Did you make a New Year’s resolution this year? If so, more than likely it falls into two categories…get organized or get healthier. In January 2017, data pulled from Google by iQuanti found that over 33 million people searched “get organized” making it the number two most popular resolution behind “get healthy.” In fact, since many people chose a resolution or goal to get more organized, the National Association of Productivity and Organizing Professionals (NAPO) has deemed January “Get Organized” month! In an effort to combine these popular resolutions, this blog post provides a guide to help you organize your pantry. Once this space is organized, the end result should make the space more efficient and workable. This means you will be able to better plan and prepare healthy meals because you will know what ingredients you have, what you need, and it will be easier to find these items. Are you ready to learn these steps and avoid pantry abyss? Let’s “GO” or “Get Organized!”

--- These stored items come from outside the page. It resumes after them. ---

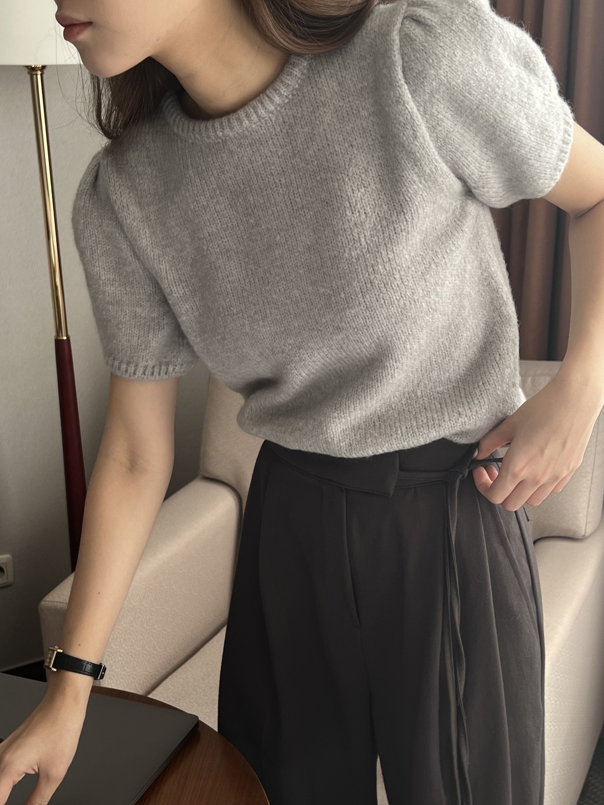 品名:에어울니트 ◎※☞颜色:그레이, 브라운, 아이보리 ◎※☞尺寸:FREE ◎※☞材质:腈纶 41%,聚酯 54%,羊毛 5% ◎※☞注意事项:只能干洗,只能手洗,不能手洗,机洗,不能使用漂白剂,不能烘干,不能熨烫,不能曲折
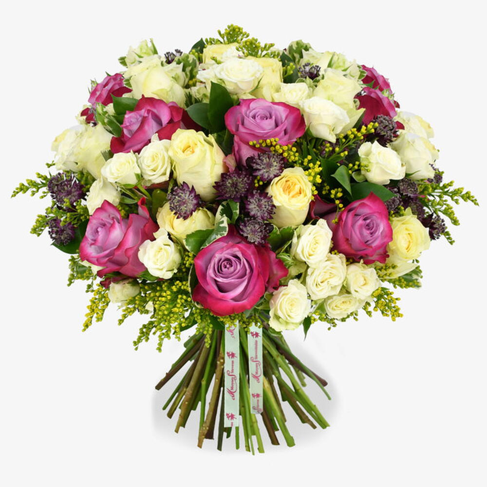 purple astrantia - 5 pz yellow solidago - 5 pz rose spray bianche - 8 pz rose gialle - 8 pz deep purple roses - 8 pz seasonal greenery (bunch) - 1 pz
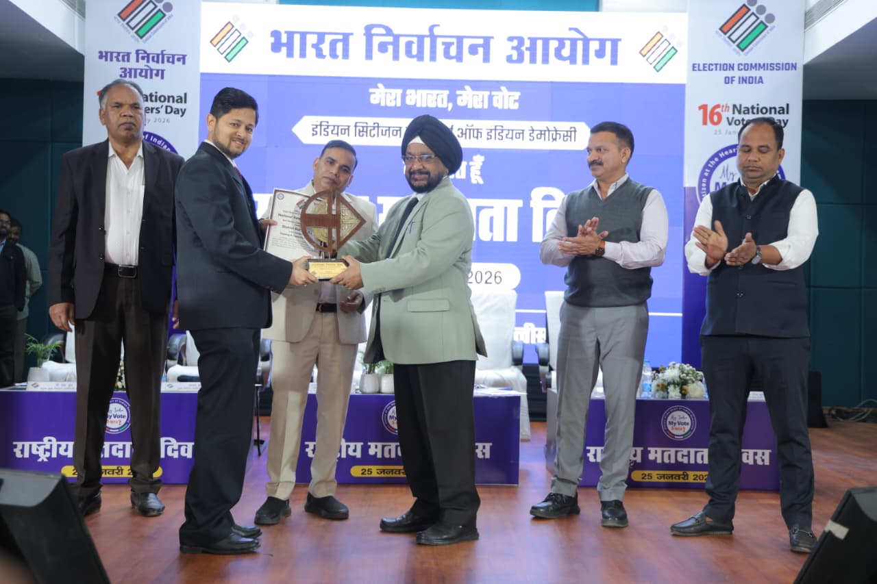 दुर्ग, / राष्ट्रीय मतदाता दिवस 2026 के अवसर पर रविवार को रायपुर में राज्य स्तरीय समारोह का आयोजन किया गया। जिसमें भारत निर्वाचन आयोग के निर्देशानुसार मतदाता जागरूकता एवं निर्वाचन कार्यों में उत्कृष्ट प्रदर्शन करने वाले जिलों को सम्मानित किया गया। इस क्रम में राज्य के दुर्ग जिले का चयन प्रशिक्षण एवं क्षमता निर्माण श्रेणी के अंतर्गत राज्य स्तरीय पुरस्कार के लिए किया गया है। प्राप्त जानकारी के अनुसार यह सम्मान दुर्ग जिले को निर्वाचन संबंधी कार्यों में उल्लेखनीय योगदान के लिए प्रदान किया गया है। राज्य स्तरीय समारोह का आयोजन इंदिरा गांधी कृषि महाविद्यालय परिसर, रायपुर स्थित विवेकानंद सभागार में किया गया, जिसमें दुर्ग जिले की ओर से कलेक्टर एवं जिला निर्वाचन अधिकारी श्री अभिजीत सिंह ने सम्मान ग्रहण किया। राष्ट्रीय मतदाता दिवस का उद्देश्य मतदाताओं में जागरूकता बढ़ाना तथा लोकतांत्रिक प्रक्रिया में उनकी सक्रिय भागीदारी सुनिश्चित करना है।
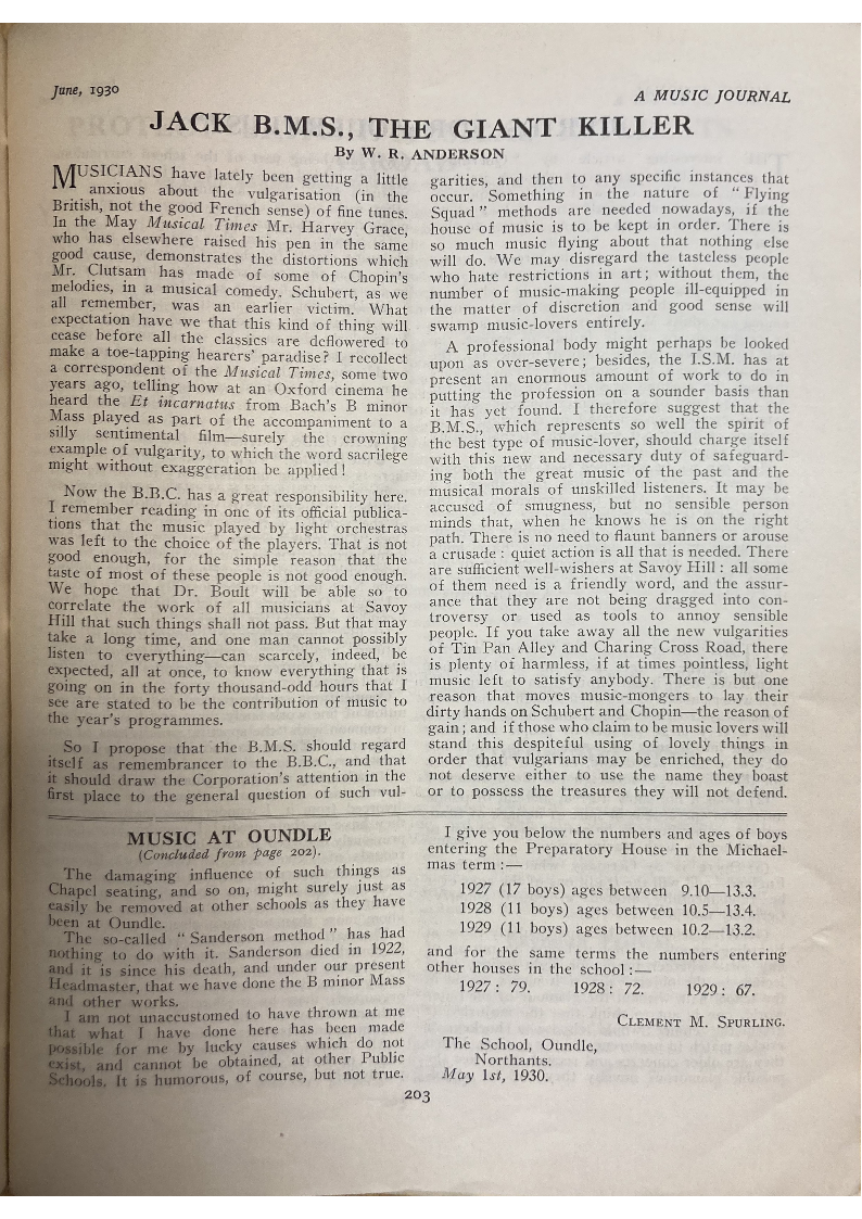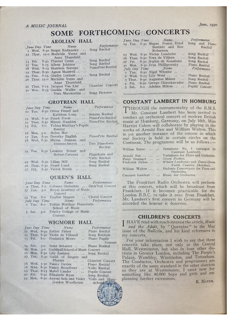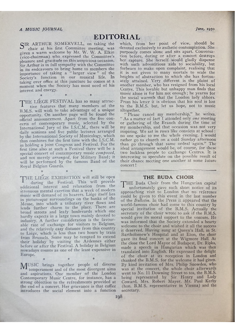 lecture on Characteristics of British Music. He
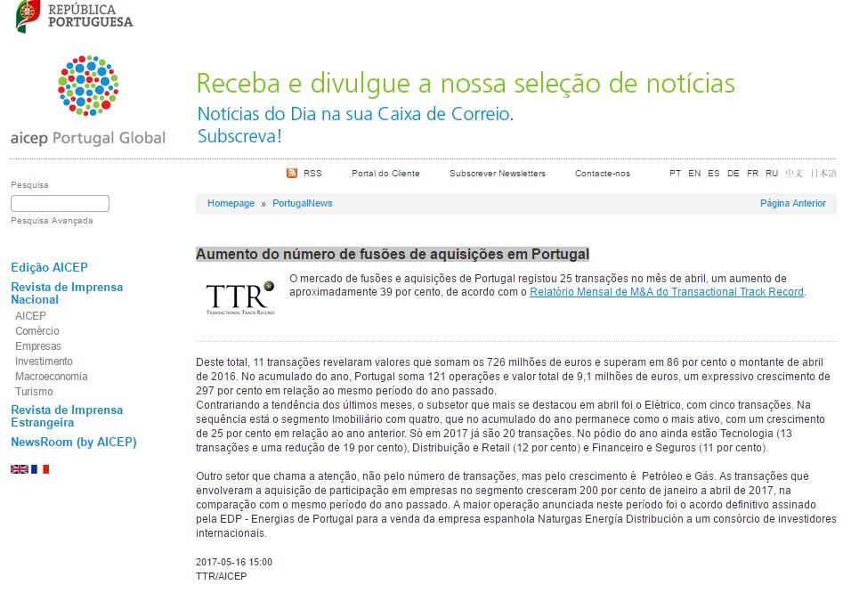 Deste total, 11 transações revelaram valores que somam os 726 milhões de euros e superam em 86 por cento o montante de abril de 2016. No acumulado do ano, Portugal soma 121 operações e valor total de 9,1 milhões de euros, um expressivo crescimento de 297 por cento em relação ao mesmo período do ano passado.

Step One: Take Everything Out of the Pantry

Similar to cleaning out your refrigerator, the first step is to remove everything from your pantry. You must start with a blank slate. This task may seem daunting, but it is necessary. If you simply “organize” your pantry with the items in place, you are simply “rearranging,” not truly organizing. During this process, group similar items together into categories, such as baking or pasta.

Pro tip: Use clear bins or shoeboxes to group your categories together. This is especially helpful for small items.

Here is the “before” picture of the pantry.

 

One more “before” picture. You can see that space on top is tight because the pans are stacked versus stored vertically.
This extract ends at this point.